[THE DATA]
......

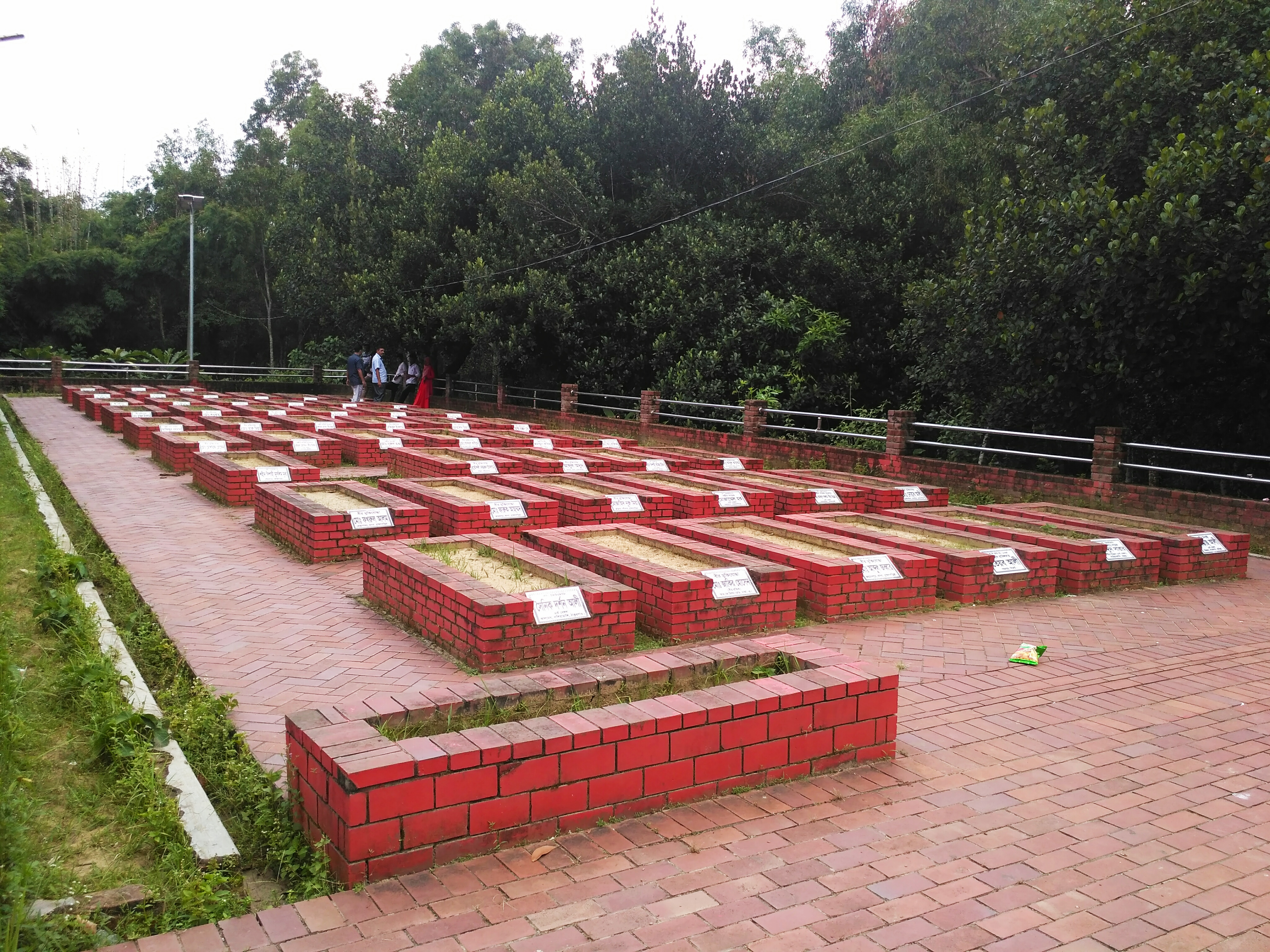 Kullapathar Martyrs Memorial, kasba, Brahmanbaria, Bangladesh. A Cemetery of martyrs freedom fighters in Bangladesh Liberation War of 1971. ( 01.09.2019)
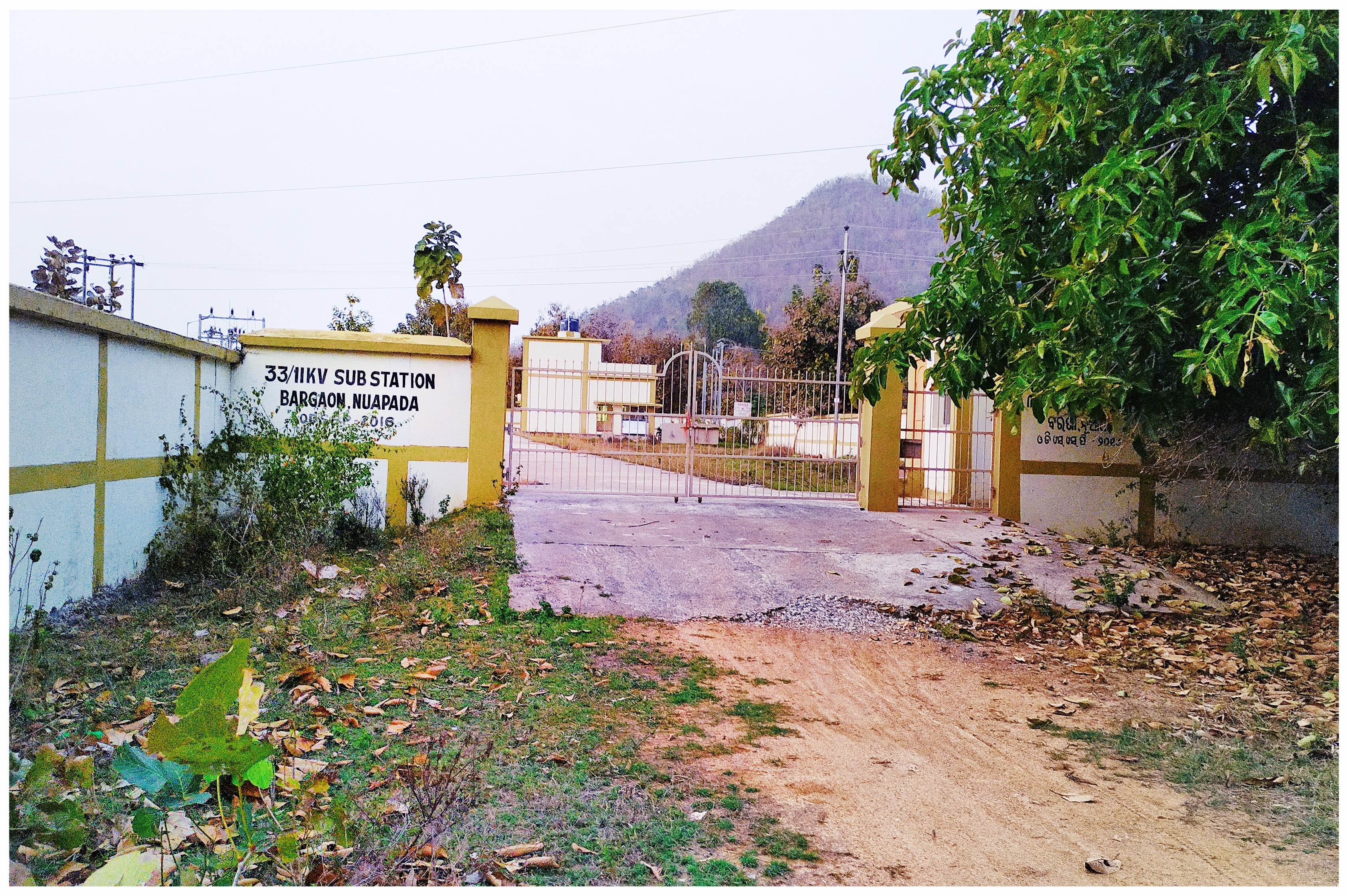 33/11KV Electrical Sub-Station BARGAON
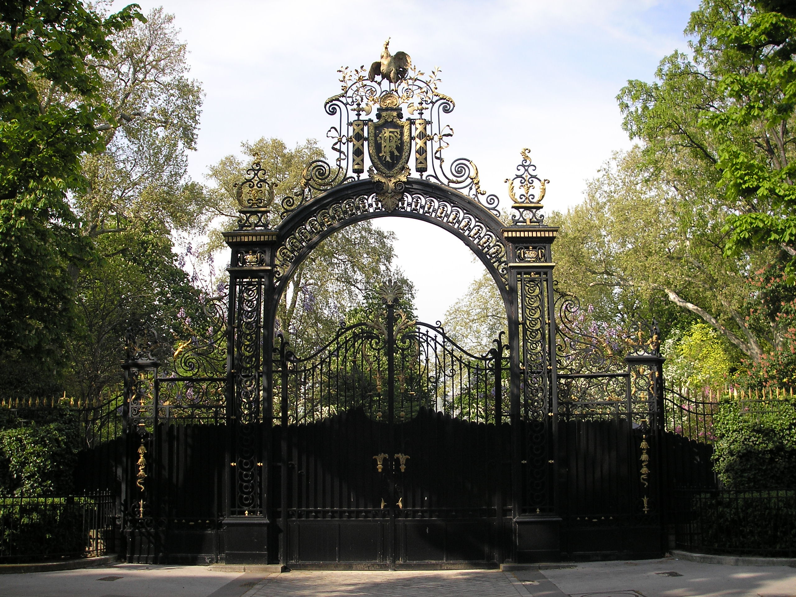 Gate to the garden at the Élysée Palace in Paris
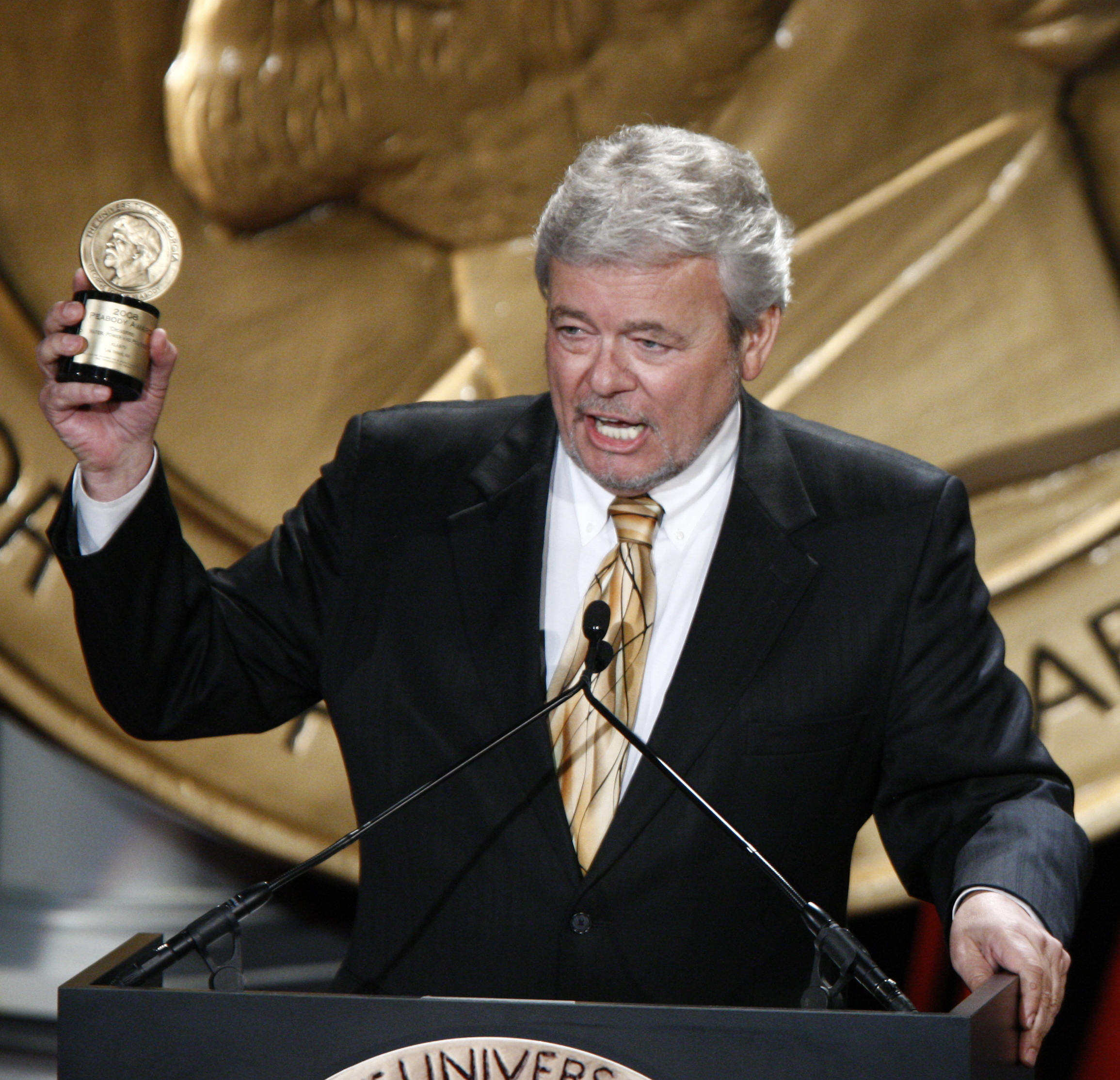 PHOTO CREDIT: ANDERS KRUSBERG / PEABODY AWARDS George Knapp and Matt Adams 69th Annual Peabody Awards Luncheon Waldorf=Astoria Hotel New York, NY USA May 17, 2010
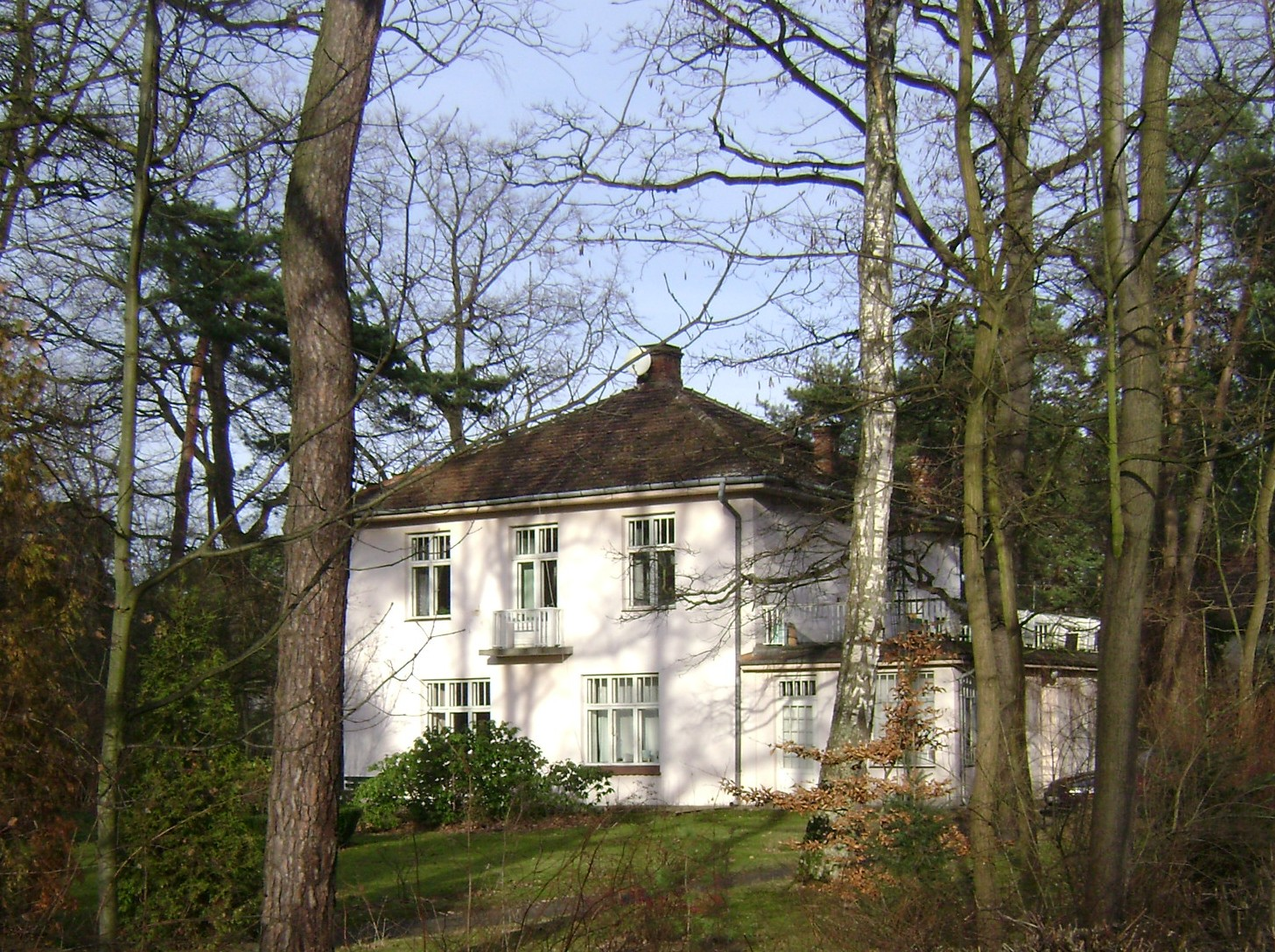 Poland. Konstancin-Jeziorna

......

[TASK OBJECTIVE] Going from the line holding "Gate to the" to the last line of the data above, reproduce every line exactly, both included, with the pictures omitted.

[EXERCISE OUTPUT]
 Gate to the garden at the Élysée Palace in Paris
 PHOTO CREDIT: ANDERS KRUSBERG / PEABODY AWARDS George Knapp and Matt Adams 69th Annual Peabody Awards Luncheon Waldorf=Astoria Hotel New York, NY USA May 17, 2010
 Poland. Konstancin-Jeziorna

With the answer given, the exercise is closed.